I propose to undertake fundamental research in mathematics that will interconnect several different areas of mathematics and computer science such as three-dimensional topology, contact topology, group theory and computational complexity. I will outline two different Pathways to Impact through which the proposed project can contribute to the scientific and technological advancements and the creation of wealth within the UK and more broadly in the world.

1) Technological advancements and wealth creation through data encryption and internet security: Cryptography and data protection are vital in the information age, as they are used on a daily basis in the financial markets and the World Wide Web. Therefore, it is of utmost importance to guarantee the safety of our encryption methods. The conjecture that the complexity classes P and NP are distinct is the basis of many cryptography methods. By the work of Agol-Hass-Thurston and Lackenby the unknot recognition now lies in both NP and co-NP but is not known to have a polynomial time algorithm. This was generalized by the work of Lackenby and I to `Determining knot genus in any fixed 3-manifold'. The current project builds on the work of Agol-Hass-Thurston to further our understanding of the unknot recognition and knot genus problems, which can shed new lights on the important P vs. NP question, or suggest new difficult questions as the basis of data encryption.
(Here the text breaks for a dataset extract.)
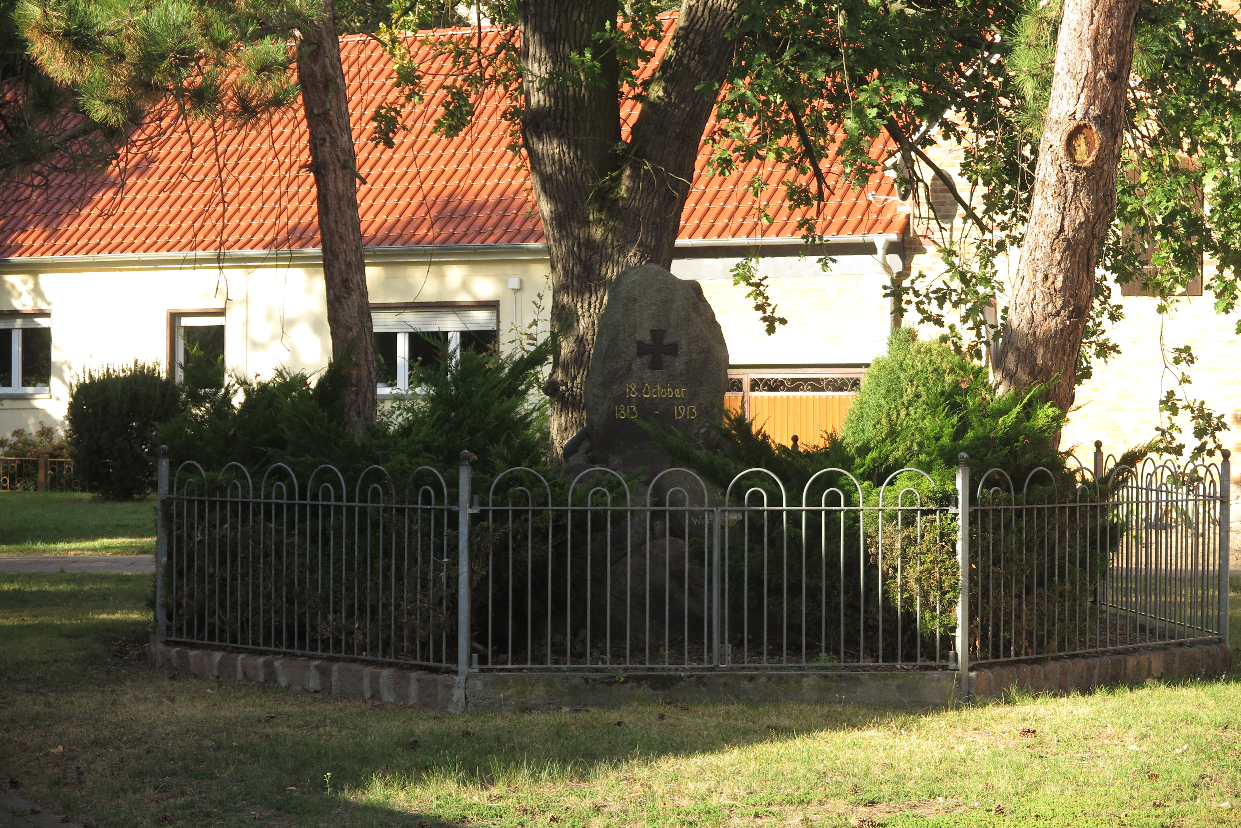 Monument for the Battle of Leipzig (in 1813) in Micheln (Osternienburger Land), erected in 1913

2) Scientific and technological advancement through applications of knot theory to the study of DNA: In the past decades, knot theory has been used for the study of the structure of DNA itself, and how DNA interacts with proteins (enzymes) in the cells. My project directly concerns with knots and in particular the unknot recognition problem, and can potentially lead to better algorithms for deciding whether a knot represents the unknot, and improved methods of computations for knot invariants such as knot genus. Historically taut foliations and contact structures have been successfully used to answer difficult questions about knots such as the Property R and Property P conjectures. Therefore, the systematic study of these structures in my project can help us in our understanding of knot theory which in turn can be used in the study of DNA as well as other tangled structures formed in the nature such as linked fluid vortices.